Exercise: Parallelizing a Pandas Groupby Reduction

In this exercise we read several CSV files and perform a groupby operation in parallel. We are given sequential code to do this and parallelize it with dask.delayed.

The computation we will parallelize is to compute the mean departure delay per airport from some historical flight data. We will do this by using dask.delayed together with pandas. In a future section we will do this same exercise with dask.dataframe.

Prep data

First, run this code to prep some data. You don’t need to understand this code.

This extracts some historical flight data for flights out of NYC between 1990 and 2000. The data is taken from here. This should only take a few seconds to run.

Inspect data

Data are in the file data/nycflights.tar.gz. You can extract them with the command

tar zxvf nycflights.tar.gz

According to your operating system, double click on the file could do the job.

extract_data('data/nycflights.tar.gz','data')

Read one file with `pandas.read_csv` and compute mean departure delay

import pandas as pd
df = pd.read_csv(os.path.join("data", "nycflights",'1990.csv'))
df.head()

# What is the schema?
df.dtypes

# What originating airports are in the data?
df.Origin.unique()

# Mean departure delay per-airport for one year
df.groupby('Origin').DepDelay.mean()

Sequential code: Mean Departure Delay Per Airport

The above cell computes the mean departure delay per-airport for one year. Here we expand that to all years using a sequential for loop.

from glob import glob
filenames = sorted(glob(os.path.join('data', "nycflights", '*.csv')))
filenames

%%time

sums = []
counts = []
for fn in filenames:
    # Read in file
    df = pd.read_csv(fn)
    
    # Groupby origin airport
    by_origin = df.groupby('Origin')
    
    # Sum of all departure delays by origin
    total = by_origin.DepDelay.sum()
    
    # Number of flights by origin
    count = by_origin.DepDelay.count()
    
    # Save the intermediates
    sums.append(total)
    counts.append(count)

# Combine intermediates to get total mean-delay-per-origin
total_delays = sum(sums)
n_flights = sum(counts)
mean = total_delays / n_flights

mean

Exercise : Parallelize the code above

Use dask.delayed to parallelize the code above. Some extra things you will need to know.
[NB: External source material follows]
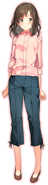 At first glance she may seem lazy, but she is actually an all-rounder who can play both the funny man and the straight man. Since she only tends to say half-hearted things with a serious look on her face, those around her are often under her thumb. However, she is a no frills girl who acts the same around everyone, so things like that are forgiven.
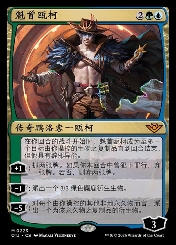 | Rules | At the beginning of combat on your turn, Oko, the Ringleader becomes a copy of up to one target creature you control until end of turn, except he has hexproof. +1: Draw two cards. If you've committed a crime this turn, discard a card. Otherwise, discard two cards. −1: Create a 3/3 green Elk creature token. −5: For each other nonland permanent you control, create a token that's a copy of that permanent. |

Methods and attribute access on delayed objects work automatically, so if you have a delayed object you can perform normal arithmetic, slicing, and method calls on it and it will produce the correct delayed calls.
```
x = delayed(np.arange)(10)
y = (x + 1)[::2].sum()  # everything here was delayed
```
Calling the .compute() method works well when you have a single output. When you have multiple outputs you might want to use the dask.compute function:
```
>>> x = delayed(np.arange)(10)
>>> y = x ** 2
>>> min, max = compute(y.min(), y.max())
(0, 81)
```
This way Dask can share the intermediate values (like y = x**2)

So your goal is to parallelize the code above (which has been copied below) using dask.delayed. You may also want to visualize a bit of the computation to see if you’re doing it correctly.